For proof, Chavala transplanted engineered skin cells into the outer retinas of blind mice. One month later, the mice were able to detect light, and their natural fear of lighted spaces was restored. The researchers also demonstrated that human skin cells, from both healthy and vision-impaired donors, could be used to generate photoreceptor-like cells, and transplantation of these cells into blind mice also led to functional improvement.

Results of the study, for which Chavala served as the lead investigator, were published in Nature in April.

“Our field of medicine [ophthalmology] is a bit underrepresented in scientific research, and there are few studies related to vision that are published in the journal Nature every year,” Chavala said. “To have one of these come from our research lab is a true honor.”

The idea for this type of eye research has been explored by popular TV. It was a plot point on CBS’ hit sitcom The Big Bang Theory during its 10th season in an episode called “Brain Bowl Incubation.”

When the episode begins, two of the main characters, Amy and Sheldon, are in Amy’s research lab, where she takes skin cell samples from Sheldon’s arm and attempts to convert them into functioning brain cells. Later in the episode, Sheldon is thrilled to find out that Amy’s experiment worked.

“It’s interesting that what those fictional characters were conversing about was the concept of sidestepping stem cells,” Chavala said, “which is what our team demonstrated in the Nature paper.”

Bypassing stem cell conversion offers an advantage because differentiating those cells into the desired end products can take six or more months. The researchers’ skin cells were transformed into functional photoreceptors and ready for transplantation after 10 days.

“I feel very encouraged, and with Dr. Chavala, I feel like there is a light at the end of the tunnel and a lot of hope.”
Pamela Krusz

The breakthrough benefits patients and physicians in training at the TCU and UNTHSC School of Medicine.

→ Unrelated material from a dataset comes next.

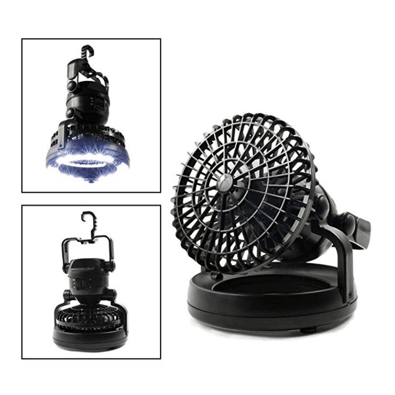 Keep you cool on camping trips and light your tent too with our LED tent light & fan. Enjoy some of the comfort of home while you experience the great outdoors. Simply hang the camping combo LED lantern and fan from your tent or shelter, or stand it on its base and take pleasure in hours of light and fan. All price includes battery.

“Dr. Chavala’s work represents a significant advancement in the worldwide challenge to address retinal disease and blindness,” said Dr. Stuart D. Flynn, the medical school’s founding dean. “This work is a wonderful model for our students as they learn and experience the robust interface between the science and art of medicine, always with the focus on the patient.”

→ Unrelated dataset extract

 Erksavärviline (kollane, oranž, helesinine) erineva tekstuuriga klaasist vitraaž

For patients regularly visiting Chavala’s clinic, like Bobbie Krusz, a cure for dry macular degeneration would mean a restoration of freedom.

“Hearing about his research made our day,” said Pamela Krusz. “I feel very encouraged, and with Dr. Chavala, I feel like there is a light at the end of the tunnel and a lot of hope.”

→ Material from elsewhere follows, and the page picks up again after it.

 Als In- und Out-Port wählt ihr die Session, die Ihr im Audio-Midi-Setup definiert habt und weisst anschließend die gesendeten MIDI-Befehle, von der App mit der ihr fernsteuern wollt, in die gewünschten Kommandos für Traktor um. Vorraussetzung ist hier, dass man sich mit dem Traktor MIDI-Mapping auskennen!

The next step for Chavala and his team is to work toward Food and Drug Administration approval, which is expected to be a two- to three-year process if adequate funding can be obtained, before the eye cell treatment can be studied in a clinical trial. The team also has made strides in developing the skin cell technology to benefit patients with glaucoma.

“Vision loss is all about quality of life, and that’s extremely important,” Chavala said. “I want my patients and the public to know that there is hope in sight.”